The First Microfinance Bank (FMFB) is a nation-wide microfinance bank, established in 2002, with an aim to alleviate social exclusion by providing opportunities to the underprivileged sector of the society. It operates under the Aga Khan Rural Support Programme (AKRSP) which has an exceptional track record of enabling thousands of poor households with the necessary economic and social relief.
The Bank wished to increase its lending portfolio to customers who would have a timely payback rate. The current segmentation methodologies were not able to capture all relationships within the data and provide an accurate solution for this, and that is where LFD's artificial intelligence models came into play.

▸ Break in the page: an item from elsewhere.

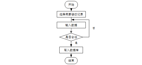 管理员可以修改学员课堂签到信息,用户可以修改自己权限内的信息,首先进入修改信息界面,输入需要修改信息,在系统进行判定为正确和合规后修改成功,并将数据更新至数据库。信息不合法则修改失败,重新输入。修改信息流程图如图3-6所示。

Using a non-linear approach which utilized all the possible links between the data variables, we were able to dissect the bank's customers into various segments. We merged the bank's customer information with our proprietary collated public data, and then bifurcated the information into two sets, one to build the model, and the other to test it. The testing dataset was used to predict which segment the customer would belong to, and then the actual results were compared with the predicted results. This helped ensure a high degree of accuracy when segmenting future customers. Consequently, each segment displayed a certain payback rate, and thus we were able to identify which segments were beneficial to the bank versus those that were posing to be a liability. While developing these segments, we not only looked at the delay in payments of principal, but also the loss made on interest payments, and the cost of delayed payments, considering that money could have been lent to some other customer.

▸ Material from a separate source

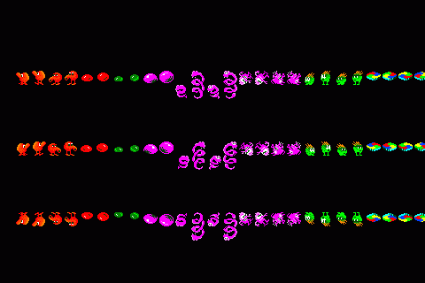 vegipete said  Here's a short program with the sprites converted to CSub form, as used by Picomite(VGA) firmware 5.0708b16 (or newer.) This just displays them on screen. I've created the various required mirror images - Ugg and Wrongway were a bit tricky because they actually need to be mirrored at 45 degrees. Next I need to compress them...
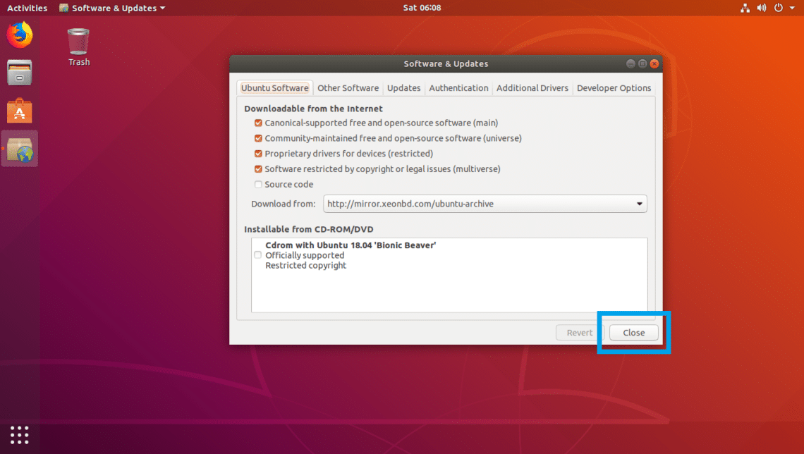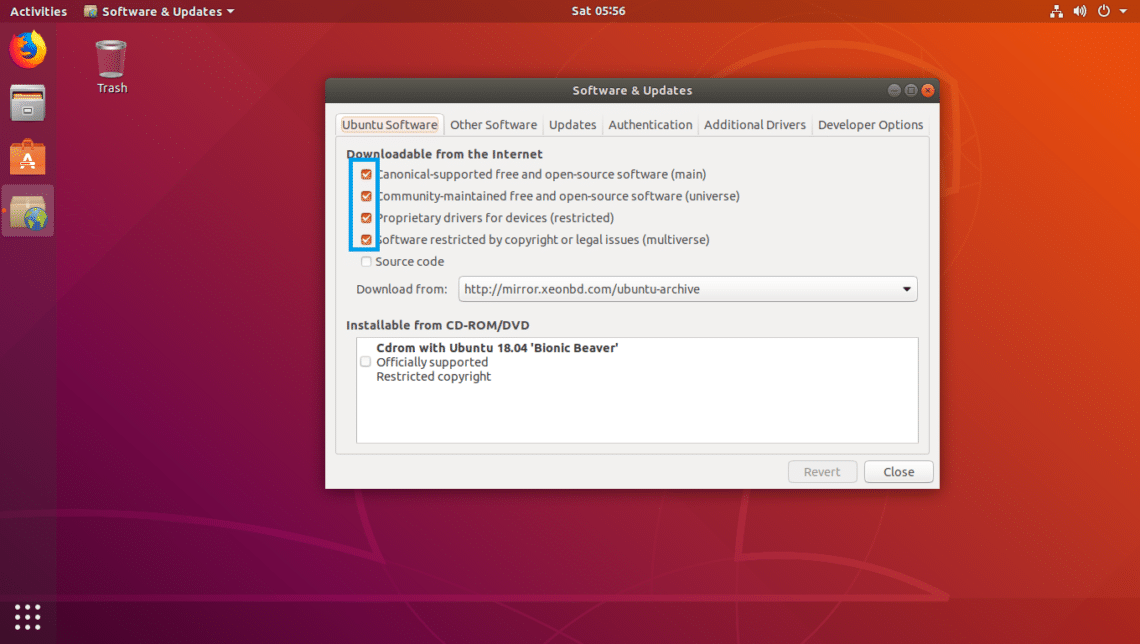 The Software & Updates app should open. Now make sure the marked checkboxes are selected. If they are not, just click on them. They should be selected.

Hence, LFD made loan-giving decisions simple and clear for FMFB. The bank is now aware which category of customers it should lend loans to, for how many days and for which amounts. Moreover, this will directly influence the bank's rating because the model is also able to predict loss and lower write-offs. The model can be easily integrated into the bank's current loan application systems for seamless workflow and ease of use. Simple to use and efficient, the model uses machine learning to automatically improve itself as more data is entered into the system.
Hence, new trends can be identified with time and integrated into the system.